Um dos críticos menos agressivos observa que ela está simplesmente a “dizer coisas que qualquer fã de futebol com os conhecimentos mais básicos sabe”, o que é uma forma estranha de descrever uma das treinadoras femininas mais bem sucedidas dos tempos modernos, com mais de uma dúzia de grandes honras no Chelsea, além de uma medalha de ouro olímpica no seu nome.
A reação tem sido deprimentemente previsível, assim como os memes de Hayes em pé com uma tábua de passar roupa ou fazendo uma xícara de chá (sim, o estúdio da ITV parece uma cozinha, o que não foi exatamente muito bem pensado, mas esse não é o ponto).
Emma Hayes tornou toleráveis as pausas para hidratação da Copa do Mundo (ITV Sport)
Dito isso, ver misóginos neandertais enlouquecendo online também faz parte da diversão, porque qualquer ser humano sensato com quem você ou eu gostaríamos de conversar (nós confiamos em você, Atlético leitor) pode, em um nível básico, ver que a entrega de Hayes é autoritária e envolvente, enquanto os fãs de futebol podem certamente apreciar sua análise perspicaz.
Esta não é a primeira vez que Hayes aparece nas telas do Reino Unido para um grande torneio masculino – então o técnico do Chelsea Women também fez parte da cobertura do Campeonato Europeu da ITV há cinco anos – mas ela se sente como uma comentarista de destaque.
Ela certamente alcançou o impossível ao fazendo os espectadores tolerarem pausas para hidratação.
Enquanto os telespectadores norte-americanos da Fox têm que aturar anúncios (desculpe, comerciais) e a BBC tende a pedir a seus comentaristas que falem durante os replays, anunciem os próximos jogos ou cortem para o áudio do estúdio para ouvir um pouco de bate-papo genérico de um especialista, a ITV deu carta branca a Hayes para nos dizer onde ela acha que um time está indo certo ou errado (uma das muitas razões pelas quais o canal está atualmente superando a BBC neste torneio).

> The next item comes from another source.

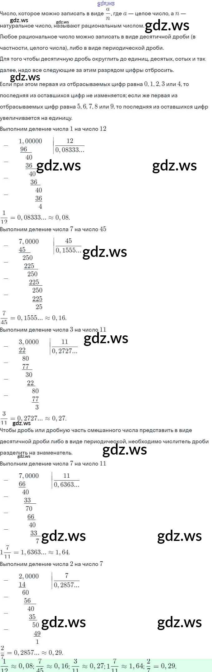 Готовый и полный ответ к §7. Умножение и деление положительных и отрицательных чисел Глава 2 - Математике 6 класс Виленкин Учебник ФГОС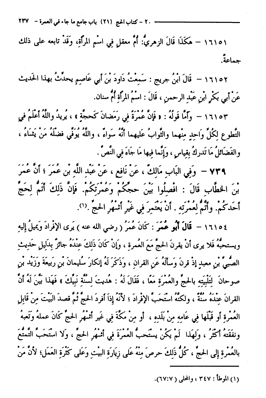 16154 - قَالَ أَبُو عُمَرَ: كَانَ عُمَرُ ( رَضِيَ اللَّهُ عَنْهُ ) يَرَى الْإِفْرَادَ وَيَمِيلُ إِلَيْهِ وَيَسْتَحِبُّهُ فَلَا يَرَى أَنْ يُقْرِنَ الْحَجَّ مَعَ الْعُمْرَةِ، وَإِنْ كَانَ ذَلِكَ عِنْدَهُ جَائِزٌ بِدَلِيلِ حَدِيثِ الصَّبِيِّ بْنِ مَعْبَدٍ إِذْ قَرَنَ وَسَأَلَهُ عَنِ الْقِرَانِ، وَذَكَرَ لَهُ إِنْكَارَ سُلَيْمَانَ بْنِ رَبِيعَةَ وَزَيْدِ بْنِ صُوحَانَ لِتَلْبِيَتِهِ بِالْحَجِّ وَالْعُمْرَةِ مَعًا، فَقَالَ لَهُ: " هُدِيتَ لِسُنَّةِ نَبِيِّكَ " فَهَذَا بَيَّنَ لَهُ أَنَّ الْقِرَانَ عِنْدَهُ سُنَّةٌ، وَلَكِنَّهُ اسْتَحَبَّ الْإِفْرَادَ ; لِأَنَّهُ إِذَا أَفْرَدَ الْحَجَّ ثُمَّ قَصَدَ الْبَيْتَ مِنْ قَابِلِ الْعُمْرَةِ أَوْ قَبْلَهَا فِي عَامِهِ مِنْ بَلَدِهِ، أَوْ مِنْ مَكَّةَ فِي غَيْرِ أَشْهُرِ الْحَجِّ كَانَ عَمَلُهُ وَتَعَبُهُ وَنَفَقَتُهُ أَكْثَرَ، وَلِهَذَا لَمْ يَكُنْ يَسْتَحِبُّ الْعُمْرَةَ فِي أَشْهُرِ الْحَجِّ، وَلَا اسْتَحَبَّ التَّمَتُّعَ بِالْعُمْرَةِ إِلَى الْحَجِّ، كُلُّ ذَلِكَ حِرْصٌ مِنْهُ عَلَى زِيَارَةِ الْبَيْتِ وَعَلَى كَثْرَةِ الْعَمَلِ ; لِأَنَّ مَنْ

Ela faz isso por meio de um diagrama em branco de um campo e de alguns contadores magnéticos coloridos (o giz e o quadro negro do início do torneio foram descartados com razão), o que é ideal em sua simplicidade. Talvez a ITV tenha simplesmente estourado seu orçamento ao contratar Gary Neville e construir um estúdio com um impressionante horizonte de Manhattan, mas a falta de gráficos complicados é realmente revigorante. Sem gols esperados (xG), sem inclinação de campo, apenas 22 jogadores e suas movimentações.
O futebol ainda pode ser um jogo simples.
Leitores do Reino Unido assistem aqui:
Análise da pausa para hidratação de Emma Hayes pic.twitter.com/QHHJPOBCbQ
– Futebol ITV (@itvfootball) 20 de junho de 2026
Hayes fala por alguns minutos direto, sem estímulos ou perguntas para ajudá-la ou orientá-la. Ela fala sobre sua análise, configura clipes e oferece uma introdução e outro. Ela faz isso de forma absolutamente perfeita, ao vivo e com milhões de pessoas assistindo em casa, quase sem tempo para se preparar.
Qualquer pessoa do setor dirá como isso é difícil. Peça à maioria dos especialistas para experimentá-lo e você provavelmente terá uma confusão de pára-arranca e gagueira com pausas desajeitadas e muitos ‘erms’.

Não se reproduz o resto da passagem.